Unfortunately, voting rights is hardly the only area in which racial justice remains an aspiration rather than an achieved goal. Below are some cases addressing other aspects of racial justice.
Racial Justice
Bank of America Corp. v. City of Miami: Cities’ ability to hold banks accountable for the long-term impact of their discriminatory lending policies
In a 5-3 opinion, the Court agreed with the Eleventh Circuit that the Fair Housing Act allows cities to hold lenders accountable under the Fair Housing Act for the devastating (and expensive) long-term consequences of their previous racist lending policies. This was an important step forward, because the banks were arguing that cities were not among those Congress intended to have the right to sue under the FHA. The city of Miami had sued Bank of America and Wells Fargo because their discriminatory loan policies led to higher levels of default in majority-nonwhite neighborhoods. The city claimed that this, in turn, led to obstacles to integration, lower property tax revenue for the city, and increased demand for municipal service such as city code inspectors, police, and firefighting.
But the majority—Justice Breyer, joined by Chief Justice Roberts and Justices Ginsburg, Sotomayor, and Kagan— while finding that the city could sue, disagreed with the Eleventh Circuit’s conclusion that the banks could be held liable based on the fact that the city’s financial injuries were foreseeable results of the discriminatory lending an foreclosure actions. Foreseeability by itself isn’t enough, Justice Breyer wrote: The injury to the city must be directly related to the banks’ discriminatory actions. The case was remanded to the Eleventh Circuit to make that determination.
So this case was a step forward in Fair Housing, over the objections of Justices Kennedy, Thomas, and Alito. But just how big a step it is remains unknown.

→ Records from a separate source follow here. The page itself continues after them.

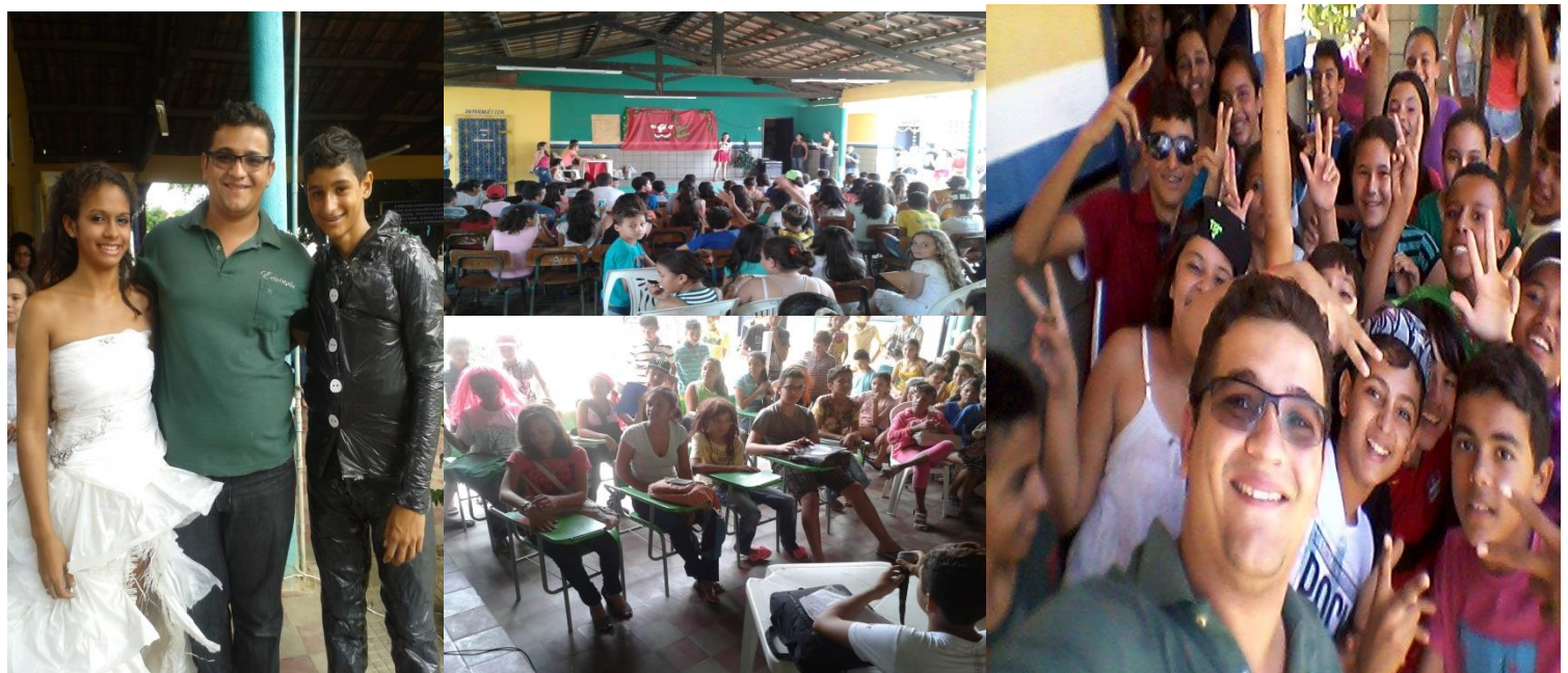
PROFESSOR-ORIENTADOR DA TURMA CAMPEÃ (7º ANO "A") DA GINCANA CULTURAL DA ESCOLA MUN. PROFESSORA MARIA EUGÊNIA, ONDE TIVERAM DESTAQUES NA ROUPA DE MATERIAL RECICLÁVEL (CASAL DE NOIVOS), TALENTO MUSICAL E NO ESQUETE TEATRAL "ESCOLINHA DA MARIA EUGÊNIA" (UMA HOMENAGEM AOS FUNCIONÁRIOS DA INSTITUIÇÃO). DEZEMBRO DE
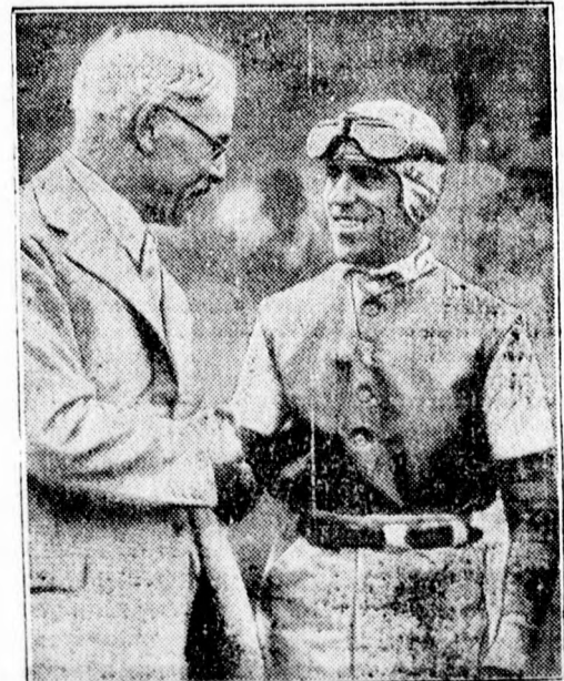
MacDonald angol miniszterelnök gratulál Nuvolarinak, a belfesti autóverseny olasz győztesének, aki 126 kilométeren főlényesen győzött.

Román-francia szakos tanári állásra pá- lyázatot hirdet a szárszregeni román kat. gimná- zium. Fizetés 3500 leiig. A pályázatot szept- ember 14-ig kell beküldeni.
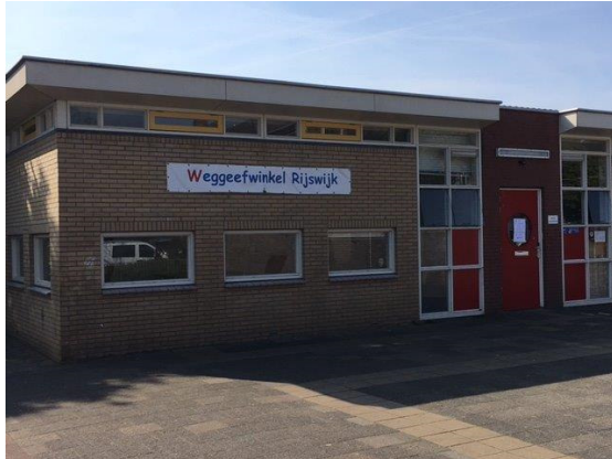
Afbeelding 3: de weggeefwinkel Rijswijk.
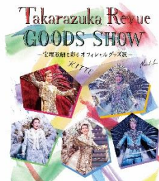
「Takarazuka Revue GOODS SHOW ～宝塚歌劇を彩るオフィシャルグッズ展～」 イメージ

「にっぽんらしさと、あたらしさを。」を施設コンセプトとするKITTEで行われる夏イベントに、ぜひご期待ください。（イベント詳細は別紙のとおりです。イベント内容は予告なく変更となる場合があります。）
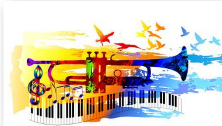
Artes Plásticas e a Música
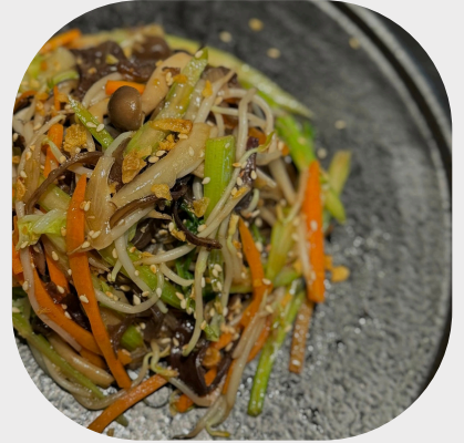
Stir-fried Vermicelli with Mushroom
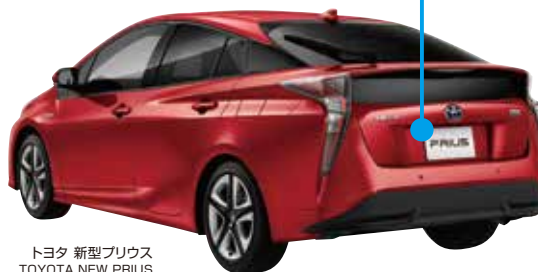
トヨタ 新型プリウス TOYOTA NEW PRIUS

High power AC inverter attracting attention as an emergency power supply in a time of disaster
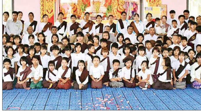
အဆိုပါသင်တန်းကို ကင်းသာကျေးရွာနှင့် တစ်မိုင်ကျောက်ကွင်းမှ ကျောင်းသား ကျောင်းသူ ၁၈၀ တက်ရောက်ပြီး သင်တန်းကာလကို မတ် ၈ ရက်မှ ၂၀ ရက်အထိ သင်တန်းနည်းပြ ဆရာ ဆရာမ ၁၆ ဦးဖြင့် အခြေခံ ဗုဒ္ဓဘာသာရပ်၊ ယဉ်ကျေးခြင်းဆိုင်ရာနှင့် ၃၈ ဖြာ မင်္ဂလာတော်များ သင်ကြား ပေးခဲ့ကြောင်း သိရသည်။ တင်ဖိုးလွင်

Pena-Rodriguez v. Colorado: Juror’s use of racial animus and stereotypes in deciding to convict
In this 5-3 opinion authored by Justice Kennedy (and joined by the four moderates), the Court made it harder to uphold criminal convictions that may have been due to a juror’s racial stereotypes. Miguel Angel Peña-Rodriguez had been convicted of sexual assault. He and the main witness for his defense were both Latino. As soon as the jury was discharged, two of the jurors approached Peña-Rodriguez’s attorney to tell him that a third juror had made anti-Latino comments about both the defendant and his witness. That juror claimed:
- The defendant was guilty because, based on his past experience in law enforcement, he knew that Mexican men had a bravado that caused them to believe they could do whatever they want to with women
- Mexican men are physically controlling of women because of their sense of entitlement. “I think he did it because he’s Mexican and Mexican men take whatever they want.”
- Based on his experience, nine times out of ten Mexican men were guilty of being aggressive toward women and young girls
- The witness who provided an alibi was not credible because he was “an illegal.”
The judge was informed and acknowledged the obvious bias. Nevertheless, he denied Peña-Rodriguez’s request for a new trial, because of a state rule (common throughout the country) prohibiting jurors from testifying about any statements made during deliberation. This rule exists to encourage free and open discussion in the jury room, and to provide increased assurance that you will not be harassed by the court or others afterward for what you say.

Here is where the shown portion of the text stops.